Согласно первому из них, Пекин не готов и не стремится к решению тайваньской проблемы чисто военным путем. Цель его военных приготовлений заключается не в полномасштабной военной атаке острова, губительной во всех отношениях, а скорее в психологическом устрашении Тайбея для решения проблемы объединения на своих условиях.

Второй вывод американской администрации заключался в том, что сам Тайбей, все более тяготеющий к линии на полную независимость, как показали выборы уже 1996 года, должен в полной мере осознавать свою долю ответственности за делаемый им выбор.

Эта эволюция американцев в тайваньском вопросе нашла свое отражение в ходе обмена официальными визитами Цзян Цзэминя и Клинтона соответственно в 1997 и 1998 году. Американцы дебатировали и в конечном итоге приняли на себя обязательство о так называемых "трех нет" в отношении Тайваня, что расценивалось как большая дипломатическая победа Пекина. Обязательство означало отказ США от поддержки 1) независимости Тайваня; 2) вступления Тайваня в ООН; 3) создания двух Китаев. Эти "три нет" после активного дипломатического торга были окончательно зафиксированы в итоговом коммюнике по итогам визита Клинтона в 1998 году.

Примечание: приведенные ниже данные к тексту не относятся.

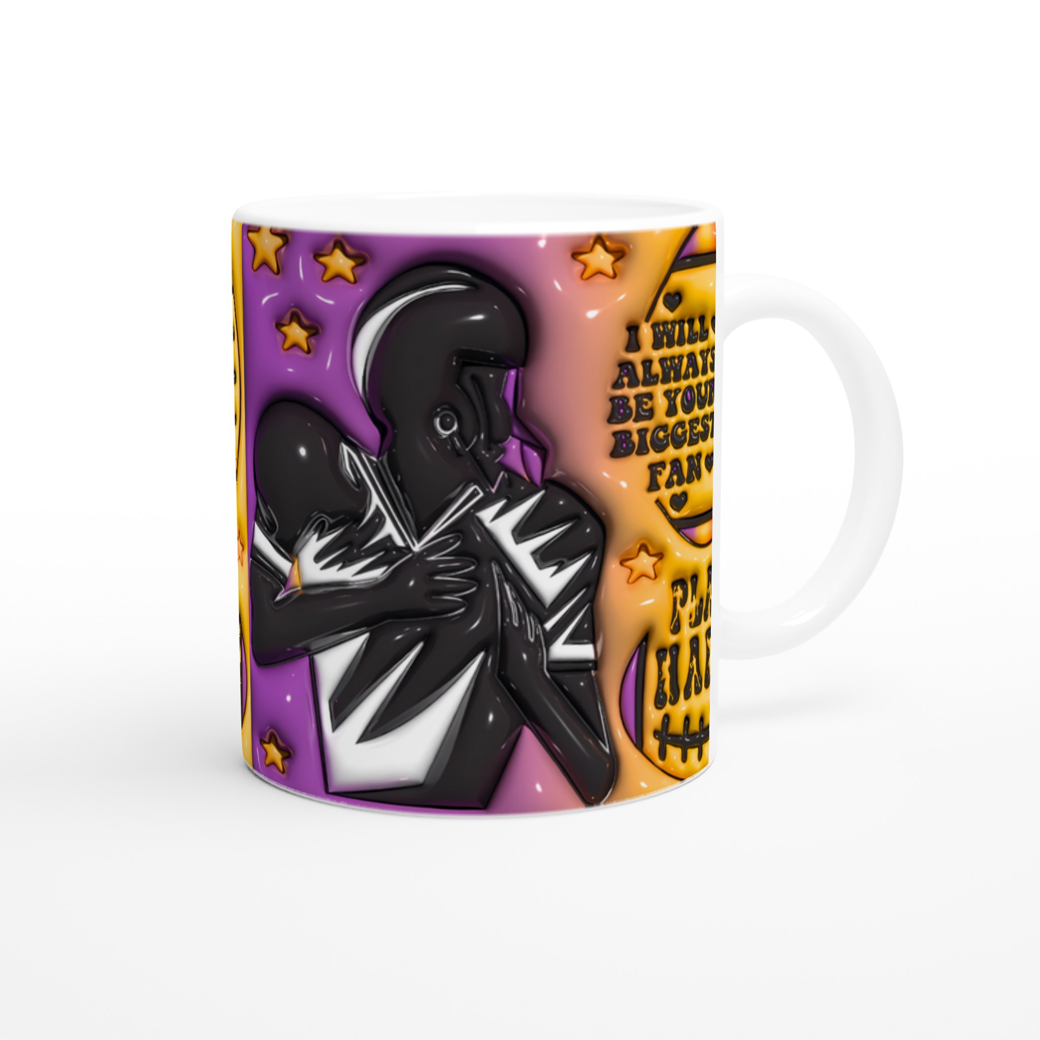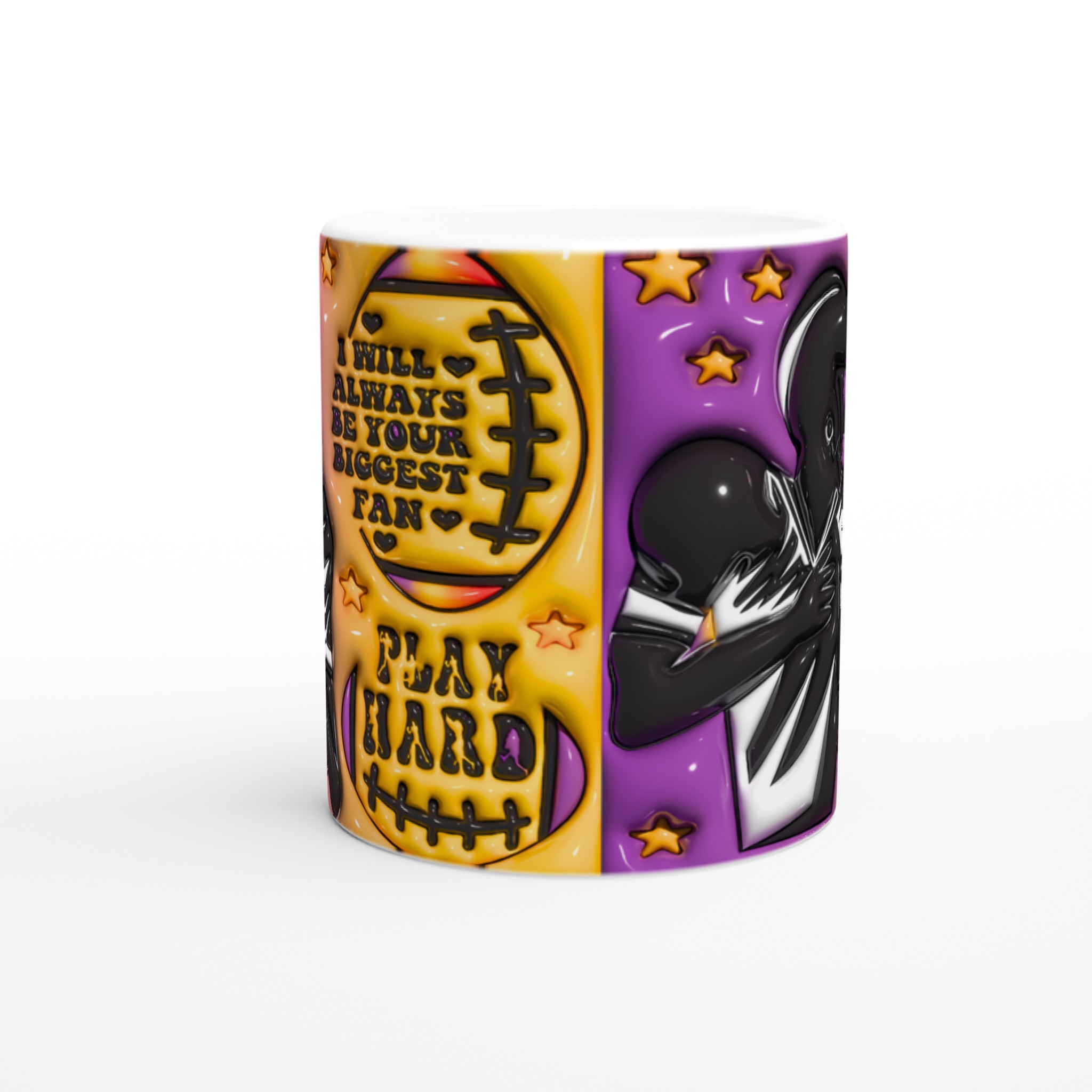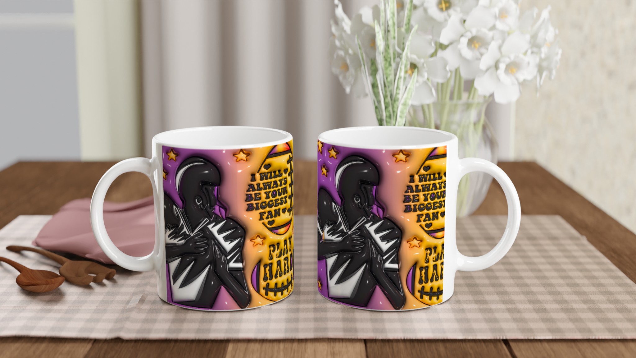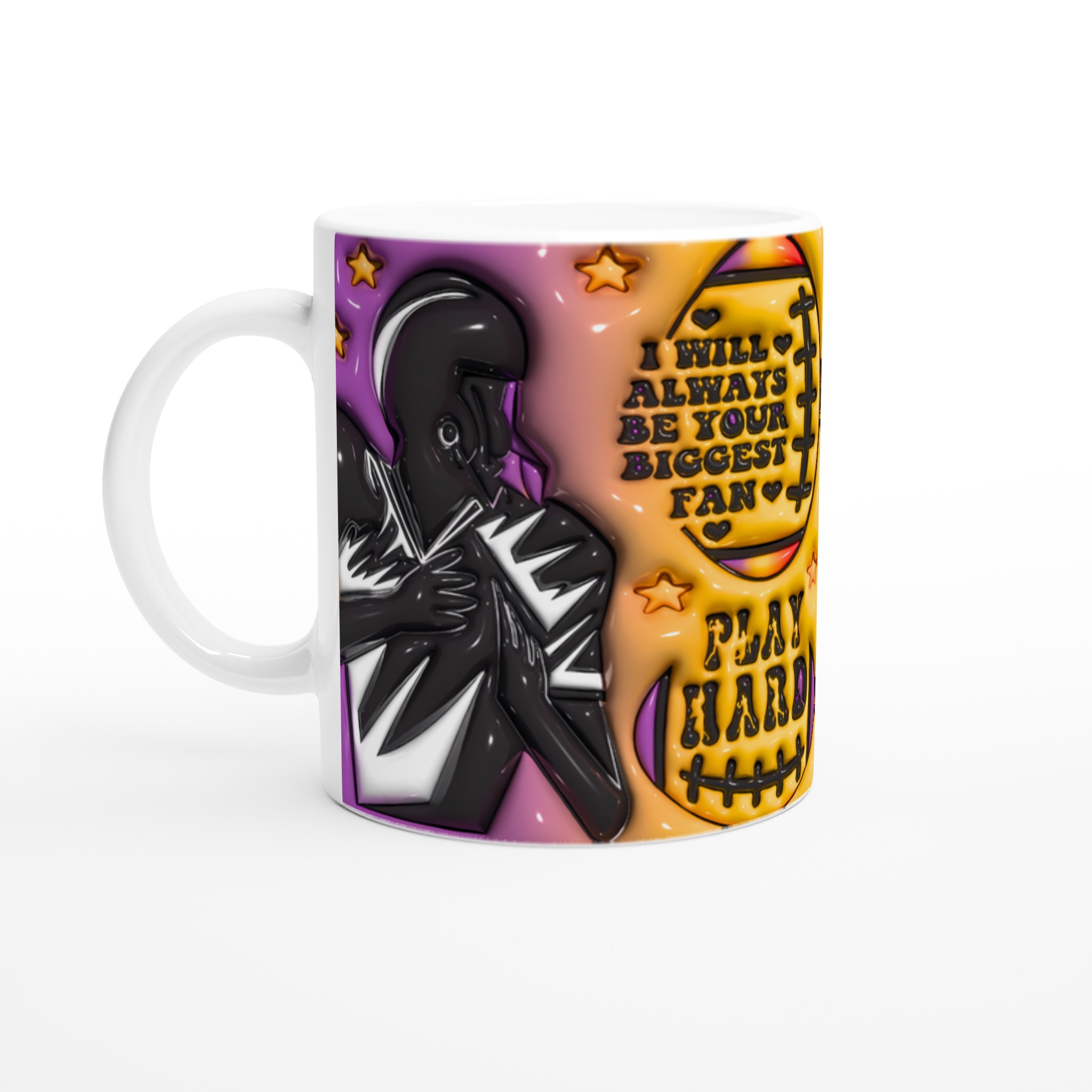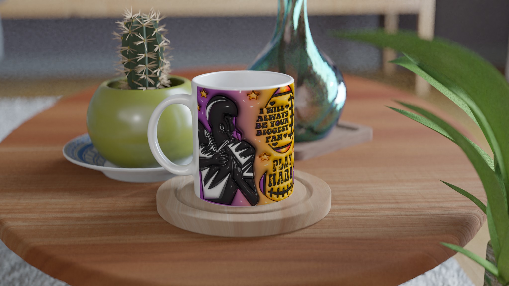 Ge din dag en kickstart eller varva ner med denna inspirerande keramiska mugg, perfekt för alla som älskar fotboll och vill visa sitt stöd! Med budskapet ”I will always be your biggest fan” och ”Play Hard” är denna mugg en hyllning till sportandan och de man håller kär. Den glänsande, detaljerade designen med fotbollsspelare och stjärnor framhävs vackert på den blanka ytan, vilket garanterar att varje morgonkaffe eller kvällste blir en upplyftande upplevelse.
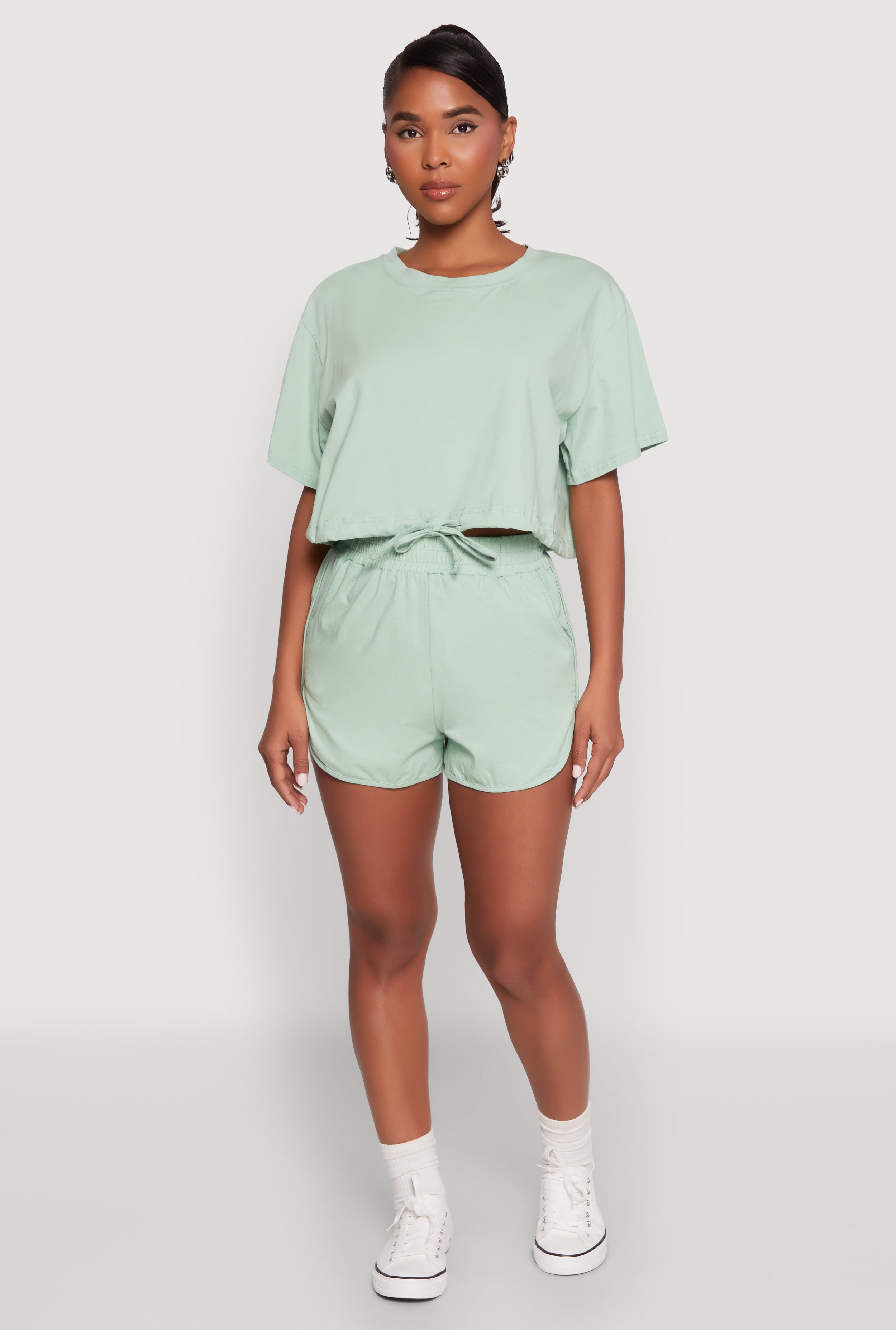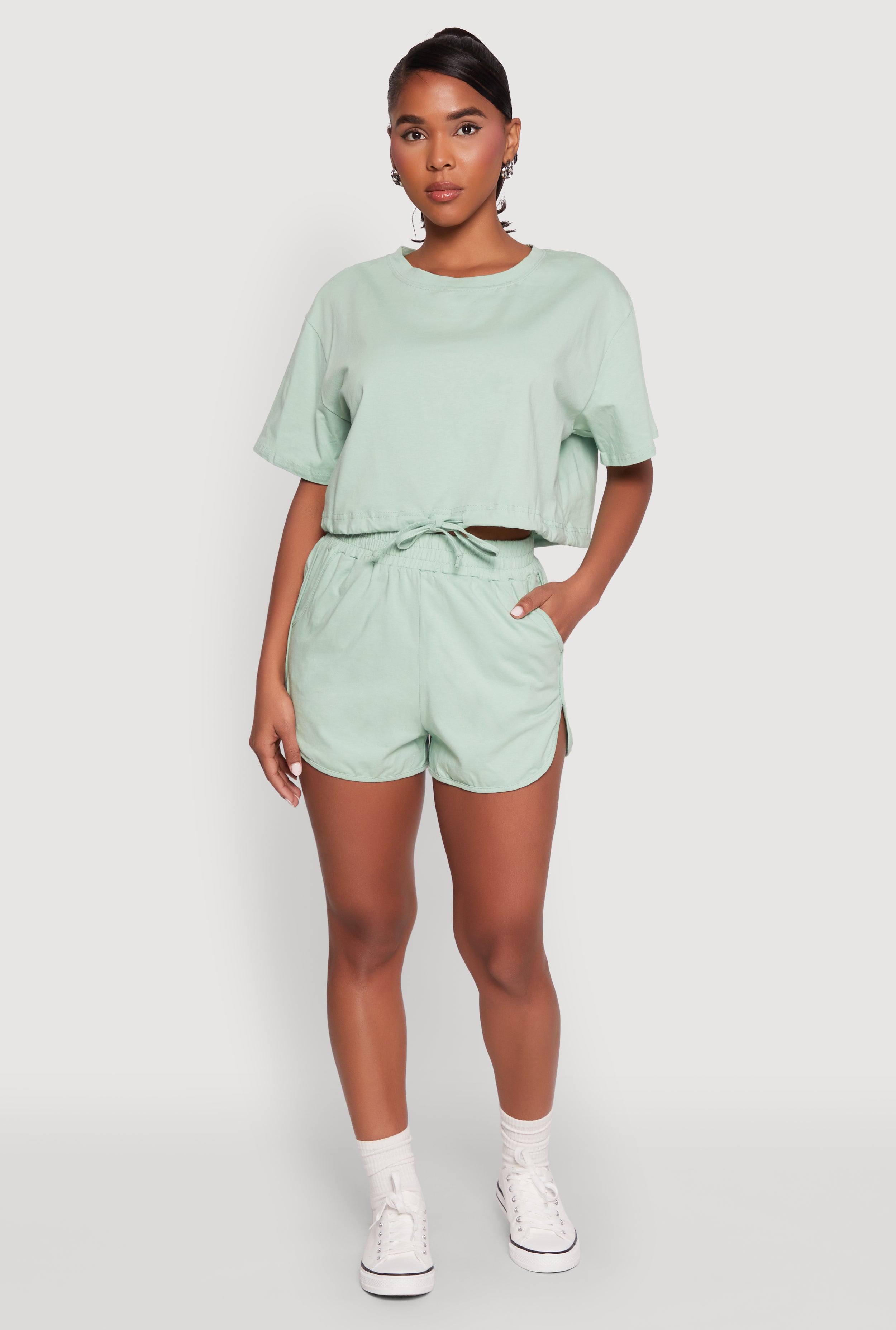 Daisy Short Sleeve Drawstring Hem Crop Top

Хотя по сути эти дипломатические ограничения, взятые на себя США, не представляли собой чего-либо нового в их реальной линии в отношении Тайбея со времен Никсона, существенный политический нюанс заключался в том, что до этого заявления Клинтона ни один американский президент не фиксировал публично такой "пакет" ограничений в отношении Тайваня. Другой существенный новый момент заключался в том, что Тайвань, как показали выборы 1996 года, представлял собой активно демократизирующееся государство и уже не ставил задачи контроля над материком. В таких условиях три ограничения в отношении Тайваня, зафиксированные США в двустороннем китайско-американском документе, косвенным образом способствовали давлению Пекина на Тайбей с целью принять его условия объединения.

Характерно, что первоначально эти "три нет" были изложены Клинтоном в частном письме Цзян Цзэминю в 1995 году, вскоре после поездки Ли Дэнхуэя в Корнельский университет. Этими уступками американская сторона пыталась уладить возникший в этой связи скандал с Пекином. Пекин настаивал на фиксации этих положений в официальном коммюнике еще в ходе визита Цзян Цзэминя в США в 1997 году, но реально добился этого лишь годом позднее.10 Тем не менее, подвижки не в пользу Тайбея, на которые Белый дом пошел в 1998 году, не изменили стержневого принципа в его подходе к Тайваньской проблеме - принципа "стратегической неопределенности и свободы рук" ("strategic ambiguity").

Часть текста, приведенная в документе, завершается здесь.